3. Number of Experts Used to Establish Ground Truth and Qualifications
- Number of Experts & Qualifications: Not applicable. Ground truth, in the sense of expert consensus on outcomes for a test set, is not described as part of this 510(k) submission. Regulatory review for 510(k) relies on regulatory experts at the FDA assessing the submission's claims of substantial equivalence based on engineering and design principles, existing predicate data, and non-clinical testing (if any were detailed, which it is not in this summary).
4. Adjudication Method for the Test Set
- Adjudication Method: Not applicable.
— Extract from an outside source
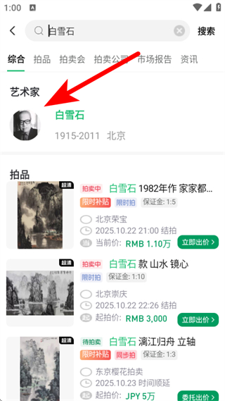 3、在搜索結(jié)果中,點擊藝術(shù)家條目,進入藝術(shù)家頁面查看其拍品信息。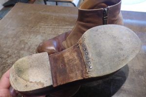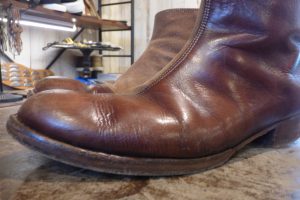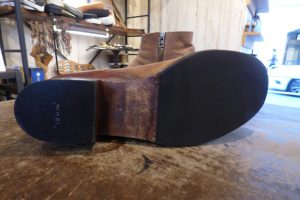 Kapital(キャピタル)サイドジップブーツの擦り減った革底の靴底補強修理

No test set or associated adjudication method is mentioned.
5. Multi-Reader Multi-Case (MRMC) Comparative Effectiveness Study
- MRMC Study: Not applicable. This is not an AI/ML or diagnostic imaging device that would typically undergo an MRMC study to compare human reader performance with and without AI assistance. The device is an infusion set.
6. Standalone (Algorithm Only) Performance
- Standalone Performance: Not applicable. This is a medical device (infusion set), not an algorithm or AI system, so the concept of "standalone performance" for an algorithm does not apply.
7. Type of Ground Truth Used
- Type of Ground Truth: Not applicable in the context of expert consensus, pathology, or outcomes data for a performance study. For this 510(k), the "ground truth" for demonstrating substantial equivalence rests on the established safety and effectiveness of the predicate devices and the argument that the new device shares similar technological characteristics and materials, and that its modification does not compromise safety or effectiveness.
8. Sample Size for the Training Set
- Sample Size for Training Set: Not applicable. This is not an AI/ML device that requires a training set.
9. How the Ground Truth for the Training Set Was Established
- Ground Truth for Training Set: Not applicable, as there is no training set for an AI/ML algorithm.
§ 880.5440 Intravascular administration set.
(a)
Identification. An intravascular administration set is a device used to administer fluids from a container to a patient's vascular system through a needle or catheter inserted into a vein. The device may include the needle or catheter, tubing, a flow regulator, a drip chamber, an infusion line filter, an I.V. set stopcock, fluid delivery tubing, connectors between parts of the set, a side tube with a cap to serve as an injection site, and a hollow spike to penetrate and connect the tubing to an I.V. bag or other infusion fluid container.(b)
Classification. Class II (special controls). The special control for pharmacy compounding systems within this classification is the FDA guidance document entitled “Class II Special Controls Guidance Document: Pharmacy Compounding Systems; Final Guidance for Industry and FDA Reviewers.” Pharmacy compounding systems classified within the intravascular administration set are exempt from the premarket notification procedures in subpart E of this part and subject to the limitations in § 880.9.